Regions must be Brexit-ready, says Central Bank boss

Ireland’s regions must prepare for ‘a permanent disruption’ regardless of Brexit’s outcome according to Central Bank Governor Philip Lane. Attending a sitting of the Oireachtas Finance Committee on Tuesday last, Mr Lane said that a no-deal Brexit would catalyse a disruptive period across the country, with the length of adaptation thereafter still undetermined.
“We have a large multinational sector here which essentially has a global market,” Mr Lane told the Committee.

Wary: Central Bank Governor Philip Lane.

Wary: Central Bank Governor Philip Lane.


“Those firms would not be particularly exposed to Brexit risk.

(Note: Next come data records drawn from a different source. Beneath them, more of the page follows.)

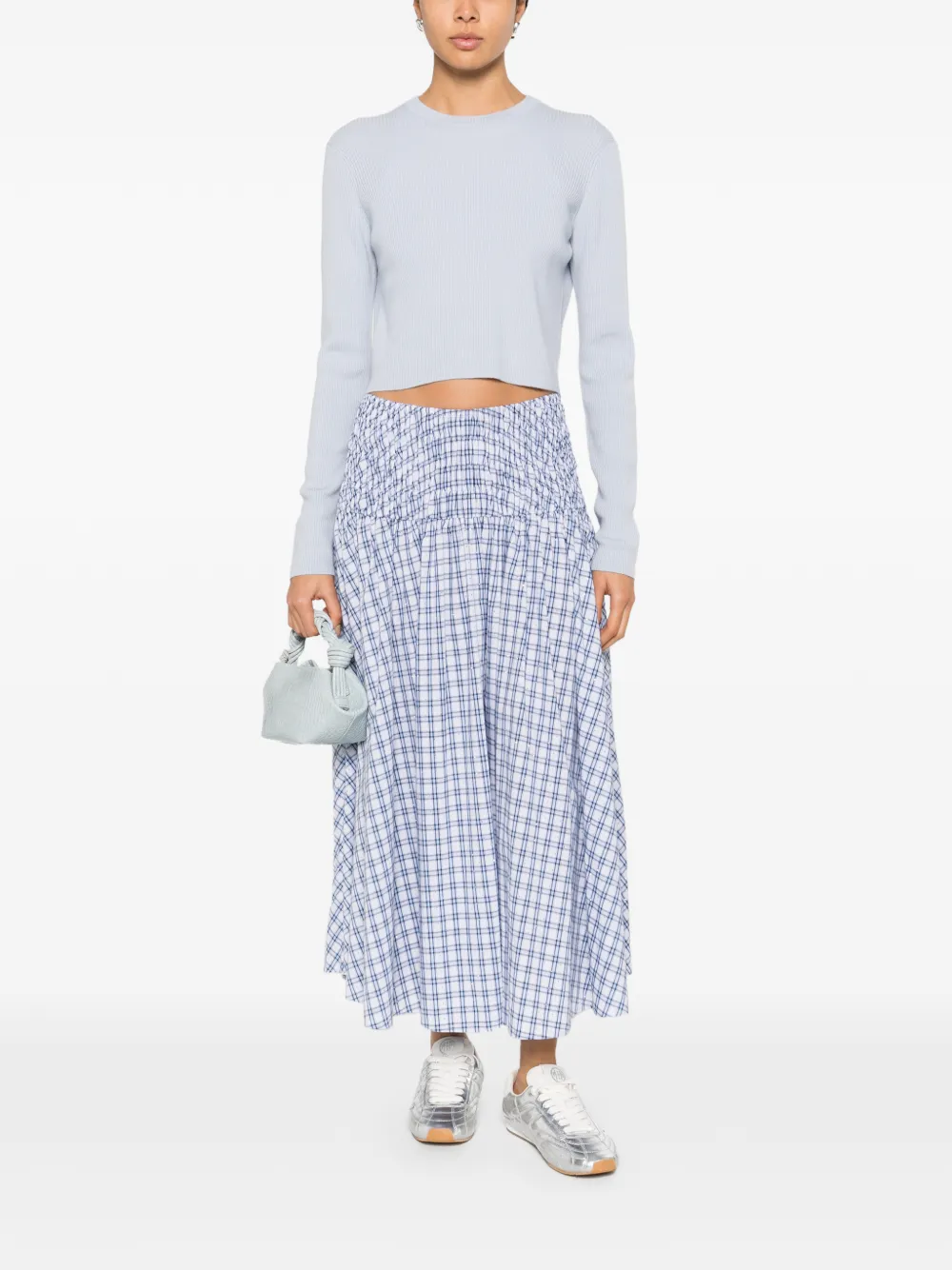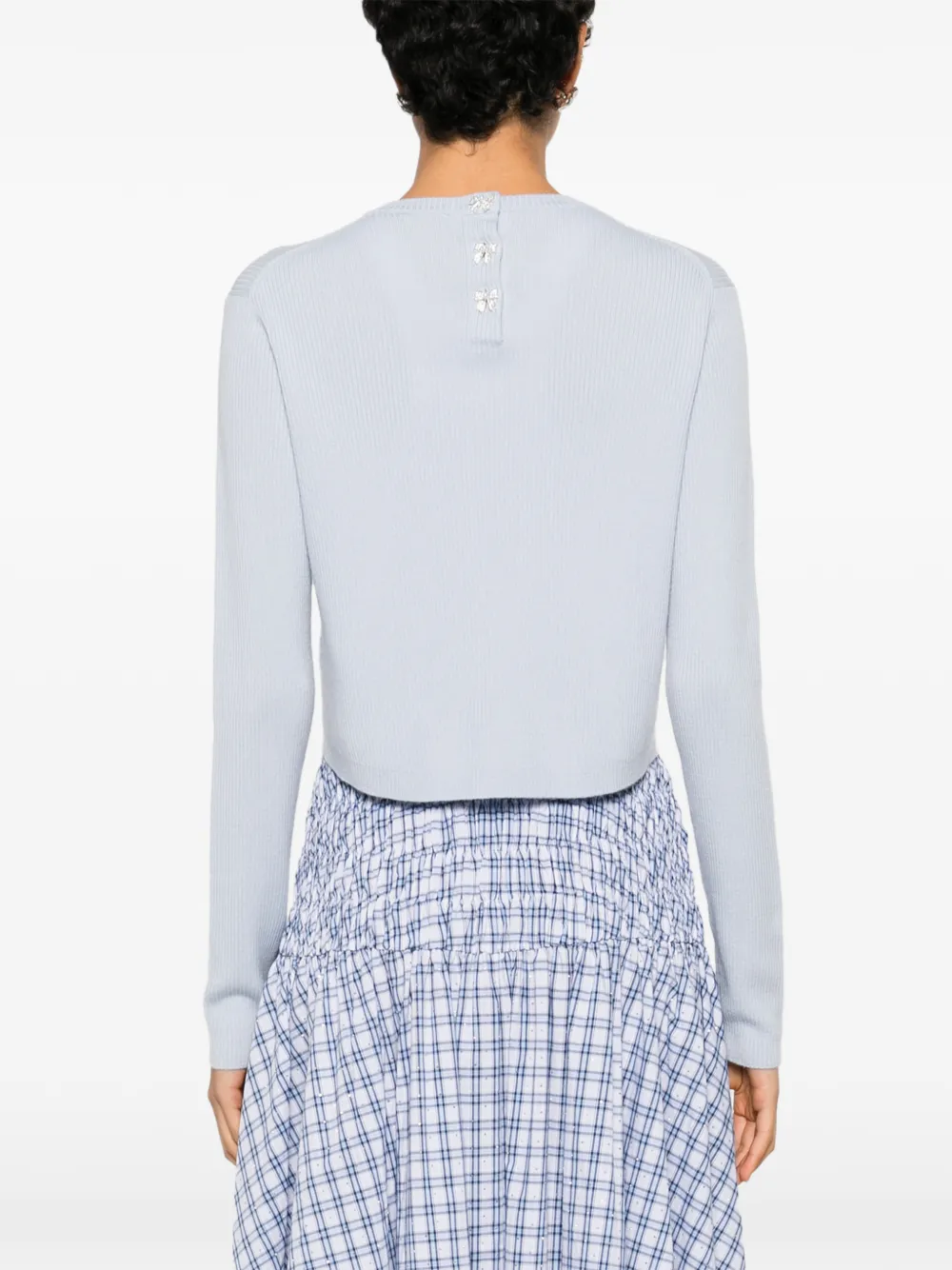 Светло-голубой укороченный джемпер в рубчик с круглым вырезом и длинными рукавами
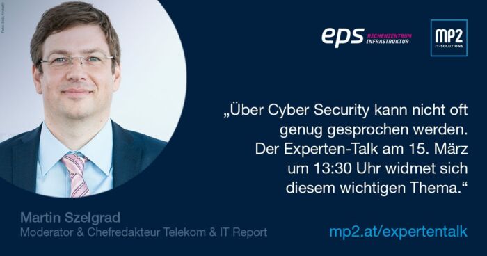 Unter der Moderation von Martin Szelgrad (Telekom & IT Report) sprachen Peter Reisinger von EPS sowie Gerlinde Macho und Manfred Pascher von MP2 IT-Solutions mit Klaus Veselko (Geschäftsführer von CIS – Certification & Information Security Services GmbH) sowie Ralf Ebenig (RZ-Planung) über aktuelle Anforderungen und Sicherheitskonzepte für Betriebe. Der Online-Experten-Talk fand am 15. März mit zahlreichen Zuhörern statt. Was vor allem deutlich wurde: die Dimension und Bedeutung des Themas Cyber-Sicherheit.
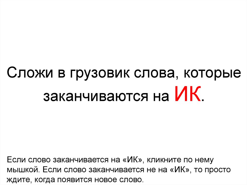 Сложи в грузовик слова, которыезаканчиваются на ИК.
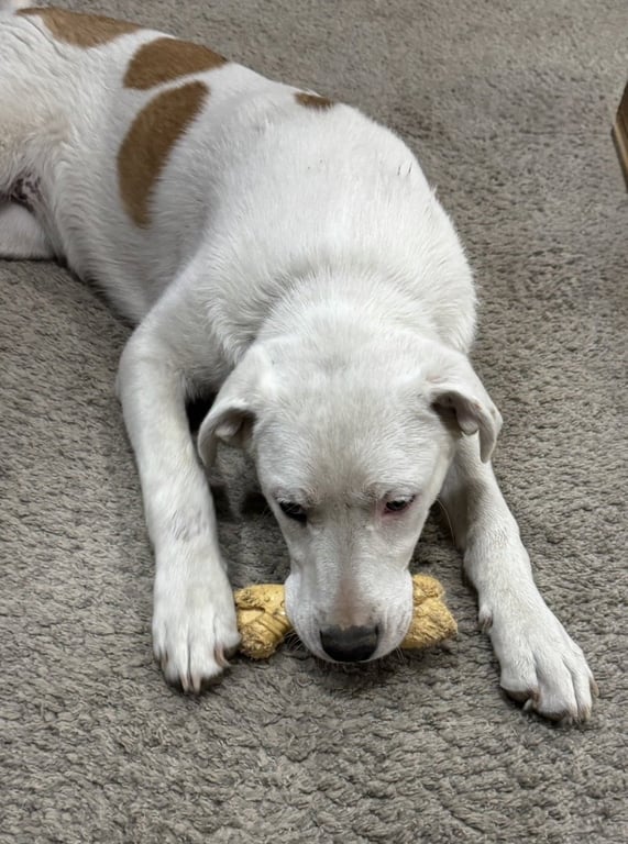 She came in a bit scared and shaking but after a proper dog intro in her foster home, she was fantastic with the resident dogs from 35 to 160 pounds! Millie now plays happily every chance she gets with her furry foster siblings, loves her toys and bones, is 100%% ready for snugges and kisses with her foster family including children at any time!

So many small firms’ only export market is the UK, and within agri-food and certain segments within that, the dominant export market is within the UK. There is no doubt these risks are quite concentrated, and given these industries are regionally concentrated, there will be very different effects across the country.”
According to Fianna Fáil Finance Spokesman Michael McGrath: “If you drill down into the detail, the impact on certain sectors like agriculture, agri-food, indigenous manufacturing, and the regions would actually be much more acute than the overall numbers published by the ESRI and Department of Finance.” In response, Mr Lane stated that this was “crystal clear”.
Curiously, the 50-page South East Regional Enterprise Plan, launched by the Government in Waterford on March 22nd makes no reference to Brexit and its potential impact on the regions.

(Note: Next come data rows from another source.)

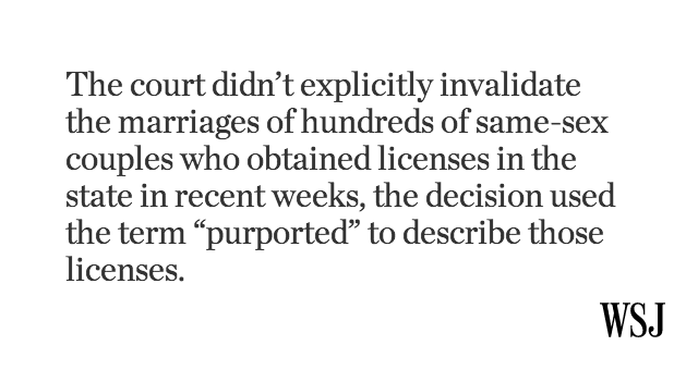 @WSJ: The Alabama Supreme Court orders halt to gay marriage licenses: http://on.wsj.com/1B0F0wv pic.twitter.com/YaRmTTYheC”#TwitterNewsChat
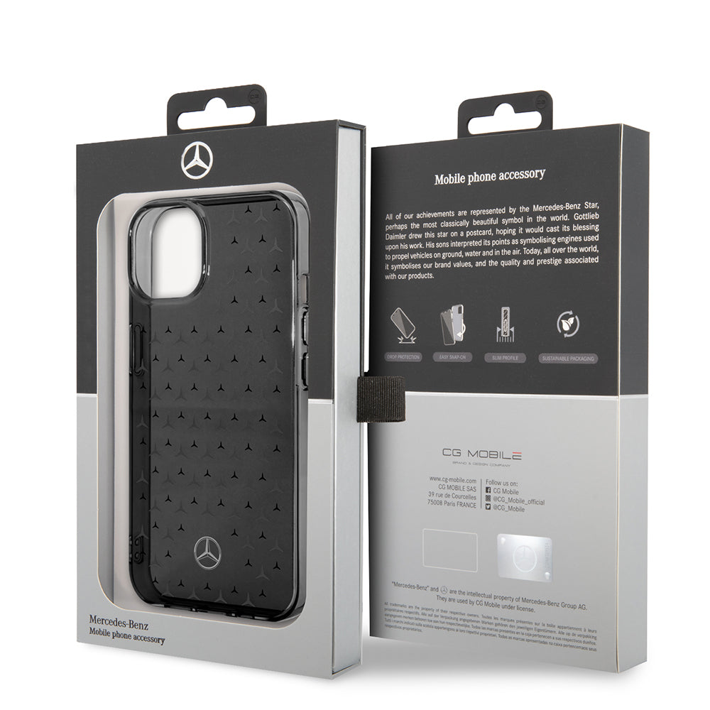 Apple iPhone 14 Kılıf Mercedes Benz Çift Katmanlı Yıldız Desenli Dizayn Kapak Siyah-Gümüş
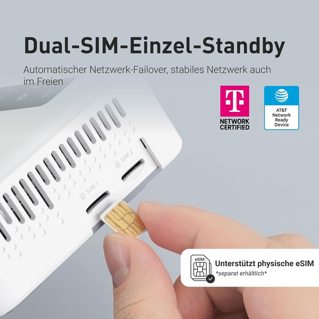 Der GL-iNet X2000 ist ein Dual-SIM LTE 4G Mobilfunkrouter, der zuverlässige Mobilfunkverbindungen in abgelegenen Gebieten und Highspeed-Internet in städtischen Gebieten bietet. Er verfügt über zwei externe LTE-Vollbandantennen für außergewöhnlichen Signalempfang und unterstützt zwei nano SIM-Steckplätze, wodurch Redundanz gewährleistet wird, damit das Gerät jederzeit online bleibt.
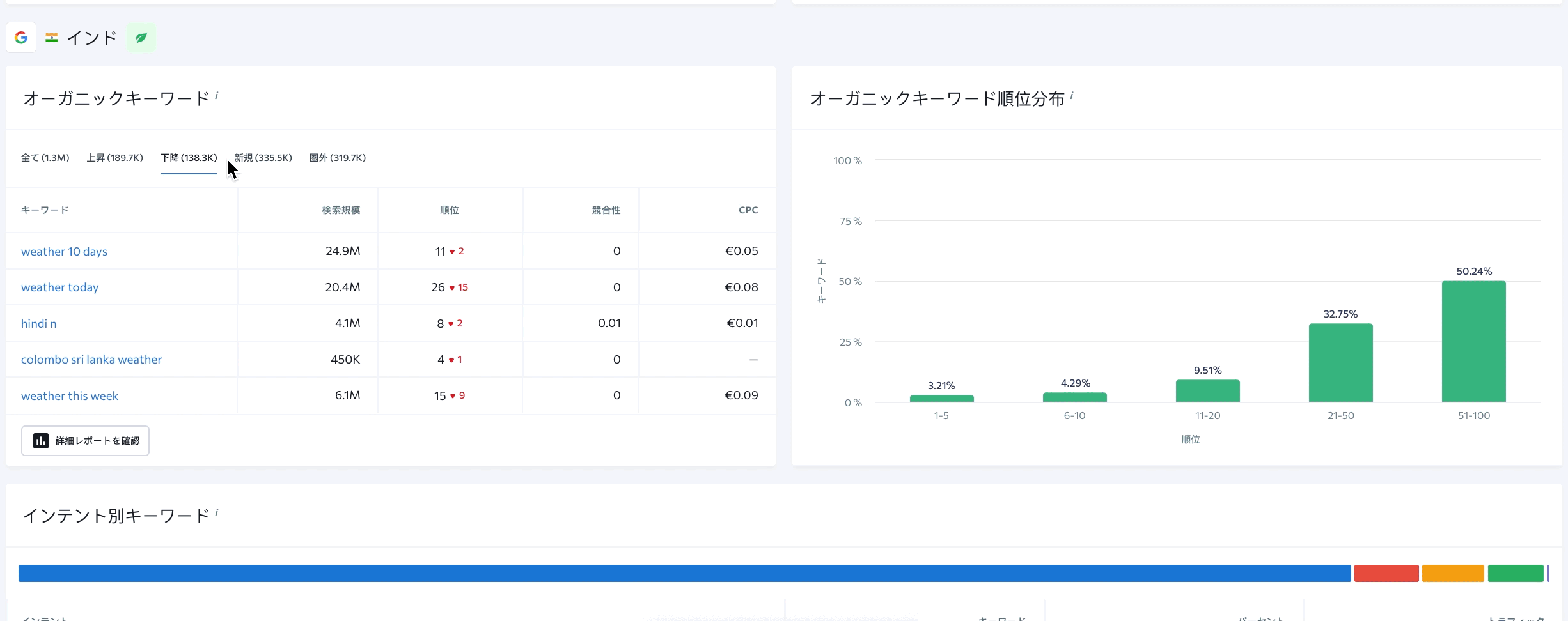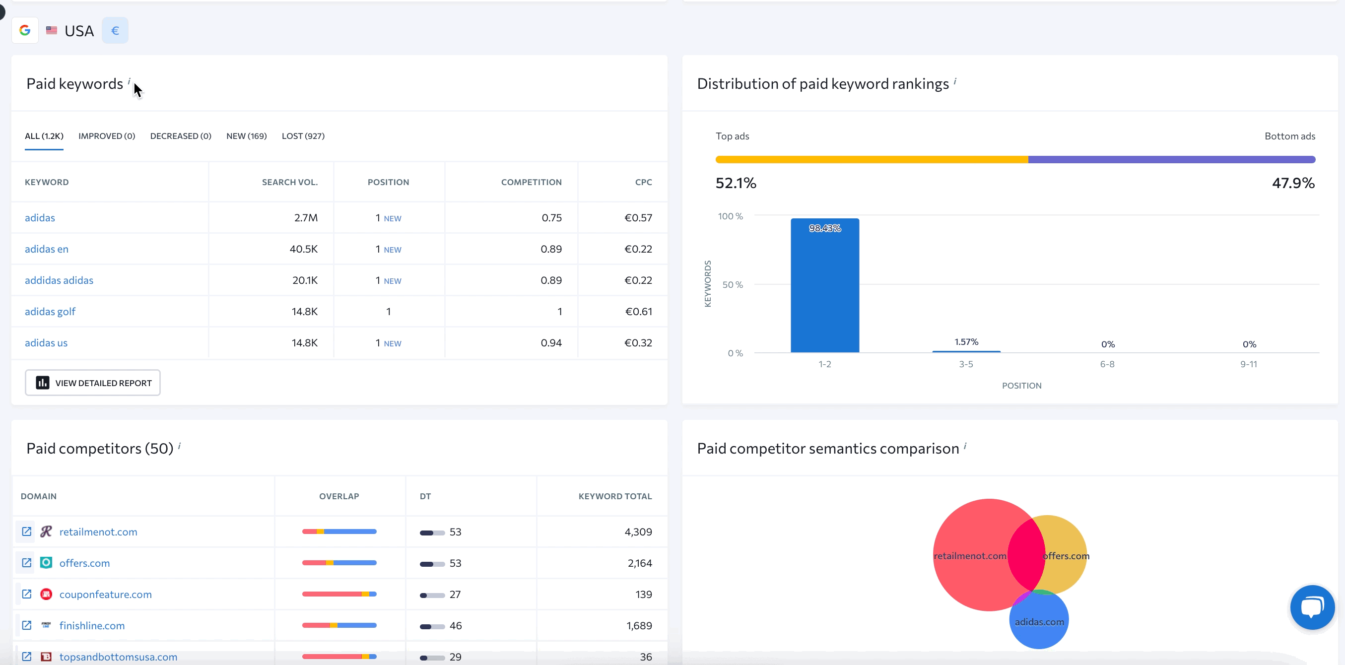Unterhalb der Übersicht der organischen Parameter findest du Informationen zu bezahlten Keywords, Mitbewerbern, deren Vergleich und Verteilung sowie weitere Details.

Speaking to The Munster Express, Waterford TD and Sinn Féin Brexit Spokesperson David Cullinane said: “Plans have to be matched with not just ambition but with resources. My party leader Mary Lou McDonald and I met with members of Waterford Chamber last Monday and one of the concerns they raised was about not getting the level of Foreign Direct Investment (FDI) attraction that we need into Waterford and the South East. So you can have all the plans you want, but what we need to see is the infrastructure being put in place and the capital funding that’s necessary right across the board.”

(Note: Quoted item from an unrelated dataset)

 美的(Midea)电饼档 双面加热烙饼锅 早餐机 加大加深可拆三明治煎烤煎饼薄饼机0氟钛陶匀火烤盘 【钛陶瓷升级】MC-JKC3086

Deputy Cullinane added: “We know from WIT’s South East Economic Monitor that on a per capita basis, we’re not getting our fair share in terms of investment: we’re still waiting for funding for the Airport, we’re still waiting for the Technological University to come on stream and we’re still waiting for funding for the North Quays, and I don’t know why that is but we always seem to have to wait in this region. We always seem to have that push that little more robustly than most to get the resources that we need, so while plans are good, while commitments and ambition are good, it has to be matched with real resources. Otherwise, those ambitions won’t be met. So rather than judge the Government on what plans they produce, we ought to judge them on the funding and practical supports they put in place to support those plans.”

Regarding the potential implications of Brexit for the South East, David Cullinane stated: “This region is very vulnerable to Brexit given our strength in the agri-food sector, a sector which is particularly exposed due to Brexit, in whatever form it will take. The currency fluctuations, for example, from Sterling to Euro, has already created lots of problems for companies that export. We know, for example, that many meat producers in the region are exposed and very worried about whatever form of Brexit arises. Any disruption and any uncertainty creates challenges for such companies.”

Sinn Féin has previously called for the establishment of a €2 billion Brexit Stabilisation Fund in an attempt to insulate ports such as Belview and Rosslare, in addition to airports and Small to Medium-sized Enterprises (SMEs) from the worst potential excesses of Brexit.
“Plans are great, but what we need to see are actual funding announcements,” said Deputy Cullinane.